Sean and I both grew up in a small, rural town in Northern California. We met in the second grade; being the same age, we were in the same grade at school. We were childhood friends, often rode the same bus and had many of the same classes together. We slow danced at a junior high school dance and shared silly moments riding the bus home after school. I always thought of him in a positive light, he was just a normal kid who participated in 4-H, Boy Scouts, and volunteered at our school.

Childhood photos

In 2003, when I saw Sean’s case in the newspaper I was shocked. The child I knew Sean as was gentle, sweet, an animal lover and a total dork. At such a young age I had believed that the justice system always does the right thing. I fully trusted in our law enforcement and legal system, just as Sean had. We grew up with the belief that the guilty were put away and the innocent walked free, which is unfortunately not always the case.

Sean and I began writing each other letters in 2007, 4 years after he had been wrongfully convicted and sentenced to Life in Prison Without Parole as a juvenile. Over time with letter writing, I grew to know my friend again and the more I learned about his case the more I understood that he was actually innocent. I didn’t want to know a world in which this could ever happen. But the truth was right in front of me, I had leaned what would change everything forever. The U.S., which leads the world in incarceration of its citizens, has approximately 2 million people behind bars. That means a wrongful conviction rate of 1 percent would translate to 20,000 people punished for crimes they didn’t commit. That’s staggering.
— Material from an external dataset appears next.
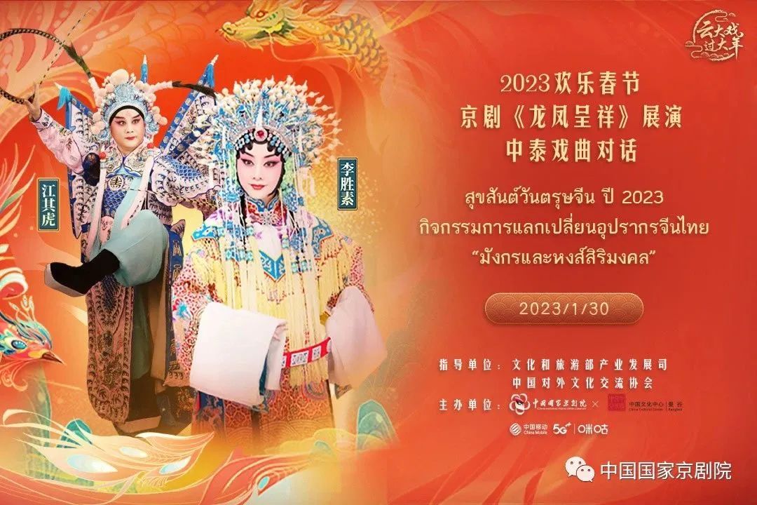 中新網(wǎng)北京1月31日電 據(jù)國家京劇院消息,1月30日,濃濃的年味還未散盡,國家京劇院一團團長、一級演員李勝素,一級演員江其虎等,攜經(jīng)典大戲《龍鳳呈祥》演播參加曼谷中國文化中心歡樂春節(jié)系列活動之一——“京劇《龍鳳呈祥》演播·中泰戲曲對話”活動。劇院藝術(shù)家與泰國觀眾“云端”相見,京劇《龍鳳呈祥》以線上演播的形式,與泰國優(yōu)泰劇展開對話,共慶喜慶祥和的傳統(tǒng)佳節(jié)。中國駐泰國大使館臨時代辦楊欣專門以視頻形式致辭,泰國文化部副常秘玉提佳女士出席活動并代表泰國文化部致辭,曼谷中國文化中心兼駐曼谷旅游辦主任闕小華、曼谷中國文化中心副主任趙歆等近200位各界人士現(xiàn)場參與了活動。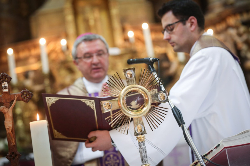 Minden ember vágyakozik Istenre, legalább sejtésszerűen mindenképpen – kezdi prédikációját a püspök. – Ha nem is vallásos, hisz Istenben, és legalább egy olyan pillanat biztosan van az életében, amelyben mélyen átéli ezt az isteni jelenlétre, szeretetre való vágyakozást. „Hiszek hitetlenül Istenben, / Mert hinni akarok, / Mert sohse volt úgy rászorulva / Sem élő, sem halott”, írja Ady. Mindannyiunknak akadnak olyan pillanataink, amikor úgy érezzük, Isten segítsége nélkül nem tudunk helytállni, és ezért nagyon hinni akarunk. Keressük Istent, de nem mindig találjuk meg. Lelki vakság jellemző ránk. Noha ő éltet bennünket, minden pillanatban velünk van, benne élünk, mozgunk és létezünk, sokszor úgy élünk, mint amiről József Attila sorai vallanak: „Az Isten itt állt a hátam mögött / s én megkerültem érte a világot”. Amikor közösségre vágyunk, abban is az Isten iránti vágy mutatkozik meg. Nem jó egyedül; minden ember arra vágyik, hogy másokkal megossza az életét. De a legjobb emberi kapcsolat és semmilyen öröm sem képes azt adni, amit az Isten és az ő jelenlétében időzés. Jézus az emberek iránti szeretetének utolsó jeleként adta az Eucharisztiát: testét és vérét, önmagát. Mi sem adhatunk neki cserébe kevesebbet.

What began as a mutually respectful friendship slowly bloomed into much deeper feelings. When we realized we had fallen in love, we proceeded with caution because of our situation. We didn’t know if a healthy relationship between the prison walls was even possible, but we gave it a chance. With prayer and God’s guidance we have been blessed with a rare and beautiful connection that allows us to have a deeply fulfilling relationship.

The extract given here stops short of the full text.